4 minute read
Tales from Titchmarsh
A day spent gardening is well worth celebrating, says Alan, whether that’s with a glass of fizz, a bottle of beer or a cup of tea
To talk of drink might be thought
of as being a touch personal. I mean, if one man’s meat is another man’s poison, and one man’s fish is another man’s poisson, who’s to say whether tea is better than coffee or a herbal tisane is better for your continued health than a mug of Rosie Lee? One thing is certain: no gardener can function without recourse to a brew both morning and afternoon. When I was growing up, the choice, courtesy of my mother’s weekly trip to the grocer, was relatively straightforward: Brooke Bond Dividend Tea for breakfast, Nescafé mid-morning and back to the ‘Divi’ in the afternoon, though for a while my parents did ply me with Ovaltine at bedtime, whereas they were devotees of Horlicks. So sophisticated.
Nowadays it’s Yorkshire Tea for breakfast, a mug of freshly ground coffee for elevenses and a cup of weak black lapsang in the afternoon. (In the evening the Ovaltine has been
superseded by a large gin and tonic, but we’ll pass over that... for now.)
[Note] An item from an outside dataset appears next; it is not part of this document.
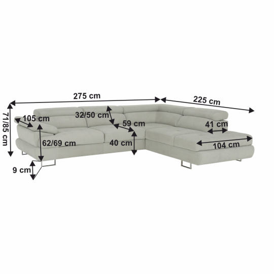 Materiál: látka Soro 83 Oděruodolnost textilie podle testu Martindale: 90 000- 100 000 oděrů Barva: světle šedá Rozměry (ŠxHxV): 275x225x71/85 cm. Výška sedu: 40 cm Hloubka sedu: 59 cm Výška spodního prostoru od podlahy: 9 cm Výška zádové opěrky: 32/50 cm Hloubka sklopené zádové opěrky: 41 cm Opěrka na ruku (HxV): 105x62/69 cm Šířka otomanu: 104 cm Nosnost: 90 kg Rohová Dekorativní prošití Zajímavá opěrka 3 polohovací opěrky hlavy 5 stupňové polohování opěrek Celočalouněná Pružinová výplň Nožičky kovové s povrchovou úpravou chrom Pravé provedení Dodáváno bez dekorativních polštářků Dodáváno v demontu Nabízíme vám možnost objednat si sedačku v 7 barevných provedeních látky Soro dle vzorníku. Váš výběr napište přímo do poznámky v objednávce. Cena sedačky na individuální objednávku je verze s rozkladem a úložným prostorem BUTON R 40.250 Kč a pevná verze bez úložného prostoru BUTON P 37.090 Kč. Při individuální objednávce je třeba zaplatit 20% zálohu z dané částky. Po uhrazení zálohy bude Váš požadavek zadán do výroby. Doba dodání 6-8 týdnů.

When I was apprenticed at the local nursery, Dick the tractor driver, having dropped off all the men at various flower beds around the town, would return to the nursery, collapse into his uncut moquette flea-ridden armchair in the mess room and partake of a pint pot of tea, so strong that it made his eyes water. The inside of that cracked receptacle remained as brown as his armchair, so tenacious was the tannin. But it did seem to fuel him. Half an hour later he’d set off in his tractor – gang mowers dangling behind him – to go round in circles for the rest of the morning on the playing fields down by the river.
I don’t remember being quite so dependent on tea to see me through the morning, but then I was only 15 and two freshly made pork pies seemed to suit my rapid metabolic rate rather more than a pint of PG Tips. I blush now at the recollection, but would say, in my defence, that when I married some 11 years later I still weighed only eight and a half stone. Those were the days… Today, of course, I am more discerning. The two pork pies have been replaced by a mug of freshly ground
Columbian – not too weak, not too bitter, but strong enough to be the colour of plain chocolate when poured from the cafetière. My wife, on the other hand, is a devotee of decaffeinated Earl Grey tea.
I know of others who prefer their morning libation to be of a delicate nature – a herbal tea bag, dunked for just long enough to give the boiling water a greenish tinge. I will not be critical; merely incredulous that they find it sustaining enough to see them through until lunchtime. At weekends, having pottered in the flower beds all morning, there is an excuse to push the boat out a little further and have a bottle of beer for lunch. Just a small one. More than a swift half and there is a risk that I might snip off the end of my finger with the secateurs or push a fork through my foot.
But then at the end of the day comes the ultimate reward for a day’s gardening: the popping of a cork or the flipping or unscrewing of a cap to celebrate a job well done. This is where the indecision comes in. Are we feeling like a beer or a glass of fizz? Red wine? White wine? Whispering Angel? Or a G and T? Should we demur on a Monday and just have a nice cup of tea? Deciding which variety of tomato to grow each year is child’s play when compared with deciding on the evening tipple.
A friend who is an accomplished author and still writing in her 86th year was exhorted by her children to have at least one day a week free of alcohol. Her answer was unequivocal: “What on earth for?”
Yes, we are wise to the dangers, but then we also know that granny’s dictum of ‘everything in moderation’ is a pretty good rule of thumb, and the pleasure that glass affords us at the end of the day and the relaxation it engenders must count for something. I say this to myself as I pour a large G and T in the evening. Just the one, you understand.